Independent power producers also face a materially stronger competitor. NextEra’s combined capital resources, grid access, and regulatory positioning across PJM and the Southeast create advantages smaller operators will struggle to match.
## Ratepayers Carry Part of the Cost
Dominion’s four million customers in Virginia, North Carolina, and South Carolina will receive [$2.25 billion in bill credits](https://www.cbsnews.com/news/nextera-dominion-67-billion-deal-ai-data-centers/) over two years. NextEra positioned this as proof that the deal benefits consumers.
Clean Virginia, a nonprofit watchdog, cautioned that bill credits are temporary relief, not structural savings. Because the merger does not reduce Dominion’s return on equity, long-term electricity rates could continue climbing.
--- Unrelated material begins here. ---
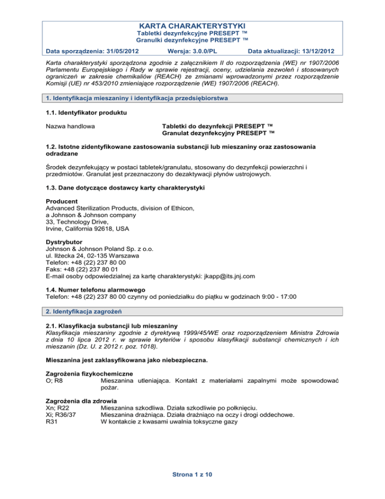 KARTA CHARAKTERYSTYKI Tabletki dezynfekcyjne PRESEPT ™ Granulki dezynfekcyjne PRESEPT ™ Data sporządzenia: 31/05/2012 Wersja: 3.0.0/PL Data aktualizacji: 13/12/2012 Karta charakterystyki sporządzona zgodnie z załącznikiem II do rozporządzenia (WE) nr 1907/2006 Parlamentu Europejskiego i Rady w sprawie rejestracji, oceny, udzielania zezwoleń i stosowanych ograniczeń w zakresie chemikaliów (REACH) ze zmianami wprowadzonymi przez rozporządzenie Komisji (UE) nr 453/2010 zmieniające rozporządzenie (WE) 1907/2006 (REACH). 1. Identyfikacja mieszaniny i identyfikacja przedsiębiorstwa 1.1. Identyfikator produktu Nazwa handlowa Tabletki do dezynfekcji PRESEPT ™ Granulat dezynfekcyjny PRESEPT ™ 1.2. Istotne zidentyfikowane zastosowania substancji lub mieszaniny oraz zastosowania odradzane Środek dezynfekujący w postaci tabletek/granulatu, stosowany do dezynfekcji powierzchni i przedmiotów. Granulat jest przeznaczony do dezaktywacji płynów ustrojowych. 1.3. Dane dotyczące dostawcy karty charakterystyki Producent Advanced Sterilization Products, division of Ethicon, a Johnson & Johnson company 33, Technology Drive, Irvine, California 92618, USA Dystrybutor Johnson & Johnson Poland Sp. z o.o. ul. Iłżecka 24, 02-135 Warszawa Telefon: +48 (22) 237 80 00 Faks: +48 (22) 237 80 01 E-mail osoby odpowiedzialnej za kartę charakterystyki: [email protected] 1.4. Numer telefonu alarmowego Telefon: +48 (22) 237 80 00 czynny od poniedziałku do piątku w godzinach 9:00 - 17:00 2. Identyfikacja zagrożeń 2.1. Klasyfikacja substancji lub mieszaniny Klasyfikacja mieszaniny zgodnie z dyrektywą 1999/45/WE oraz rozporządzeniem Ministra Zdrowia z dnia 10 lipca 2012 r. w sprawie kryteriów i sposobu klasyfikacji substancji chemicznych i ich mieszanin (Dz. U. z 2012 r. poz. 1018). Mieszanina jest zaklasyfikowana jako niebezpieczna. Zagrożenia fizykochemiczne O; R8 Mieszanina utleniająca. Kontakt z materiałami zapalnymi może spowodować pożar. Zagrożenia dla zdrowia Xn; R22 Mieszanina szkodliwa. Działa szkodliwie po połknięciu. Xi; R36/37 Mieszanina drażniąca. Działa drażniąco na oczy i drogi oddechowe. R31 W kontakcie z kwasami uwalnia toksyczne gazy Strona 1 z 10 KARTA CHARAKTERYSTYKI Tabletki dezynfekcyjne PRESEPT ™ Granulki dezynfekcyjne PRESEPT ™ Data sporządzenia: 31/05/2012 Wersja: 3.0.0/PL Data aktualizacji: 13/12/2012 Zagrożenia dla środowiska N; R50/53 Mieszanina niebezpieczna dla środowiska. Działa bardzo toksycznie na organizmy wodne. Może powodować długo utrzymujące się niekorzystne zmiany w środowisku wodnym. 2.2. Elementy oznakowania Oznakowanie mieszaniny zgodnie z dyrektywą 1999/45/WE oraz rozporządzeniem Ministra Zdrowia z dnia 12 kwietnia 2012 r. w sprawie oznakowania opakowań substancji niebezpiecznych i mieszanin niebezpiecznych oraz niektórych mieszanin (Dz. U. z 2012 r. poz. 445). Zawiera troklozen sodowy. Symbole i znaki ostrzegawcze O Xn N Produkt utleniający Produkt szkodliwy Produkt niebezpieczny dla środowiska Zwroty wskazujące rodzaj zagrożenia R8 Kontakt z materiałami zapalnymi może spowodować pożar. R22 Działa szkodliwie po połknięciu. R36/37 Działa drażniąco na oczy i drogi oddechowe. R31 W kontakcie z kwasami uwalnia toksyczne gazy. R50/53 Działa bardzo toksycznie na organizmy wodne; może powodować długo utrzymujące się niekorzystne zmiany w środowisku wodnym. Zwroty określające warunki bezpiecznego stosowania S2 Chronić przed dziećmi. S7/8 Przechowywać pojemnik szczelnie zamknięty w suchym pomieszczeniu. S24/25 Unikać zanieczyszczenia skóry i oczu. S26 Zanieczyszczone oczy przemyć natychmiast dużą ilością wody i zasięgnąć porady lekarza. S41 Nie wdychać dymów powstających w wyniku pożaru lub wybuchu. S61 Unikać zrzutów do środowiska. Postępować zgodnie z instrukcją lub kartą charakterystyki. 2.3. Inne zagrożenia Ocena właściwości PBT i vPvB Mieszanina nie spełnia kryteriów klasyfikacji PBT i vPvB. 3. Skład/informacja o składnikach 3.2. Mieszaniny Opis mieszaniny Mieszanina jest roztworem wodnym o odczynie zasadowym. Zawiera aminy oraz dodatek środków nawilżających i wypełniaczy. Strona 2 z 10 KARTA CHARAKTERYSTYKI Tabletki dezynfekcyjne PRESEPT ™ Granulki dezynfekcyjne PRESEPT ™ Data sporządzenia: 31/05/2012 Wersja: 3.0.0/PL Data aktualizacji: 13/12/2012 Klasyfikacja składników mieszaniny zgodnie z dyrektywą 67/548/EWG. Stężenie [% wag.] Identyfikacja substancji Klasyfikacja 50,0 Sól sodowa kwasu dichloroizocyjanurowego; troklozen sodowy Numer WE: 220-767-7 Numer CAS: 2893-78-9 Numer indeksowy: 613-030-00-X 22,5 E; R2 O; R8 Xn; R22 Xi; R36/37 R31 N; R50/53 Kwas adypinowy Numer WE 204-673-3 Numer CAS 124-04-9 Numer indeksowy 607-144-00-9 Xi; R36 Pełne brzmienie symboli i zwrotów wskazujących rodzaj zagrożenia zamieszczono w sekcji 16. karty charakterystyki. 4. Środki pierwszej pomocy 4.1. Opis środków pierwszej pomocy Narażenie oddechowe Wyprowadzić poszkodowaną osobę ze strefy narażenia. Zapewnić dostęp świeżego powietrza. W przypadku trudności z oddychaniem podać poszkodowanemu tlen. Kontakt ze skórą Przemyć natychmiast skórę dużą ilością wody z mydłem. Zasięgnąć porady lekarza w przypadku utrzymywania się objawów podrażnienia. Kontakt z oczami Rozchylić powieki i przemyć dokładnie oczy dużą ilością wody, przez co najmniej 15 minut. Zasięgnąć porady lekarza. W przypadku spożycia Zasięgnąć natychmiast porady lekarza. Dokładnie przepłukać usta wodą. Popić obficie wodą. Nie powodować wymiotów. Nigdy nie podawać niczego doustnie osobie nieprzytomnej. 4.2. Najważniejsze ostre i opóźnione objawy oraz skutki narażenia Brak danych. 4.3. Wskazania dotyczące wszelkiej natychmiastowej pomocy lekarskiej i szczególnego postępowania z poszkodowanym Stosować leczenie objawowe. W przypadku narażenia i wystąpienia objawów natychmiast zasięgnąć porady lekarza. Zdjąć natychmiast zanieczyszczoną odzie

U.S. electricity costs already rose 6.1% year-over-year as of April 2026.
The underlying tension is structural. Google, Amazon, Microsoft, and Meta negotiate industrial-rate power contracts for their data centers, but residential customers share the same grid infrastructure. When utilities invest tens of billions in grid upgrades to serve data center corridors, the cost basis for rate calculations rises across the entire customer base. The companies generating the demand are not the only ones paying for the infrastructure. The [economics of AI compute](https://airisingtrends.com/token-economy-software-companies-compute/) are increasingly entangled with household electricity bills.
## This Is the First Mega-Merger, Not the Last
Bloomberg headlined its coverage “NextEra-Dominion Deal Signals Era of AI Utility Mega-Mergers.” The framing reflects the structural logic underlying the transaction.
Virginia’s planned grid upgrades, potentially effective in 2027, could dramatically improve data center interconnection timelines and demand absorption capacity. But upgrades at that scale require a utility with both the balance sheet and the regulatory positioning to execute. NextEra just made itself that entity for the Southeast and Mid-Atlantic.
The pattern mirrors what is already happening upstream in the AI supply chain. Anthropic’s 3.5-gigawatt compute partnership with Google and Broadcom, OpenAI’s [$20 billion Cerebras deal](https://airisingtrends.com/openai-cerebras-deal-inference-chips/) for alternative inference chips, and SoftBank’s [$100 billion Roze IPO](https://airisingtrends.com/softbank-roze-ipo-data-center-robotics/) for data center construction robotics all point in the same direction. The AI industry is moving into physical infrastructure because the bottleneck is no longer software, models, or even GPUs. It is electricity.
For enterprise AI buyers, this merger sends a concrete signal. The companies that control power access in data center corridors will increasingly determine compute availability, pricing, and geographic distribution. The question for 2027 is not which model your organization runs or which GPU cluster supports it. The question is whether the grid feeding that cluster can deliver 130 gigawatts of sustained, reliable power.
NextEra just bet $67 billion that it can.